HL Deb 19 July 1842 vol 65 cc317-22
Lord Wharncliffe

on the Order of the Day for a committee on Drainage (Ireland) bill, moved that the House do resolve itself into committee.

The Earl of Glengall

said, that he did not wish to throw any unnecessary obstacles in the way of this measure; but he must object to it as being too general in its nature. He thought, that whatever was done in Ireland in the matter of drainage, ought to have reference to the particular districts. He must also object, that the bill was brought forward at a period when so many noble Lords connected with Ireland were absent from Parliament. He hoped, that before they took any further steps they would institute some inquiry on the subject. No sane person, he thought, would be induced to put his property in the power of the commissioners in the manner which was proposed by the bill; but as he had every reason to believe, that it would prove as inoperative as Mr. M. O'Ferrall's bill on the same subject, had, he, perhaps, should be wasting their Lordships' time if he troubled them further on the subject. He should, therefore, merely move that the bill be referred to a select committee.

Lord Monteagle

thought the Government had done themselves very great credit by bringing forward this bill, which was free from all party questions, and had for its object the developing the latest resources of Ireland. The referring the bill to a committee—which he did not suppose the noble Earl had moved with a view of defeating the measure—was wholly unnecessary, for if ever there was a subject which had been exhausted this was one; it had been constantly before the House since the year 1809. There could be no apprehension that the measure would be oppressive, for it required the assent of two-thirds of those who were interested before it could be put into operation; and if there was a disposition to act oppressively, there was a remedy in the bill itself sufficient to prevent oppression. He would suggest an amendment of the second clause, giving a conditional, not an absolute, power to the Government to appoint commissioners.
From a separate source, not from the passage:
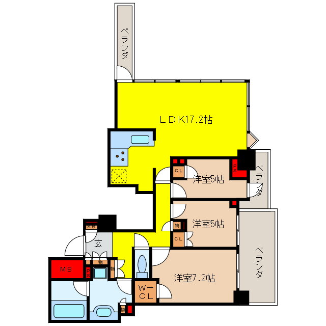 3LDK(洋7.2 洋5 洋5 LDK17.2) |

The Marquess of Clanricarde

said, that this was a bill which would not be tolerated for an instant in England. And as they heard so much of the inviolability of the union, would it not he most unwise to apply to property in Ireland a principle which they would never think of applying to property in England? He agreed with the noble Earl opposite, in thinking that the measure would be inoperative, but then that did not weaken the argument against the principle. It was true, that all the previous inquiries had demonstrated the necessity of drainage, but what had that to do with the confiscation of property, such as would take place if this bill passed into law? He would vote in favour of the motion of the noble Earl, in the hope that amendments would be made in the committee, which would render the bill less objectionable in many of its provisions.

The Earl of Wicklow

thought, that if the object of the measure was desirable, namely, the drainage of the waste lands of Ireland, it was much better to have a general measure like that before the House, with the principle of which he concurred. Indeed, unless that principle were adopted, namely, of giving certain reasonable powers to the commissioners to carry the provisions out, the measure would be found impracticable. It would be useless to wait until those Irish proprietors whose estates required drainage applied for private bills, as unfortunately they did not display the same anxiety to improve their estates as the proprietors of this country. He should give his cordial support to the motion for going into committee.

The Marquess of Lansdowne

thought that every circumstance and fact that bad been stated in the course of this debate went to show the expediency of adopting this measure.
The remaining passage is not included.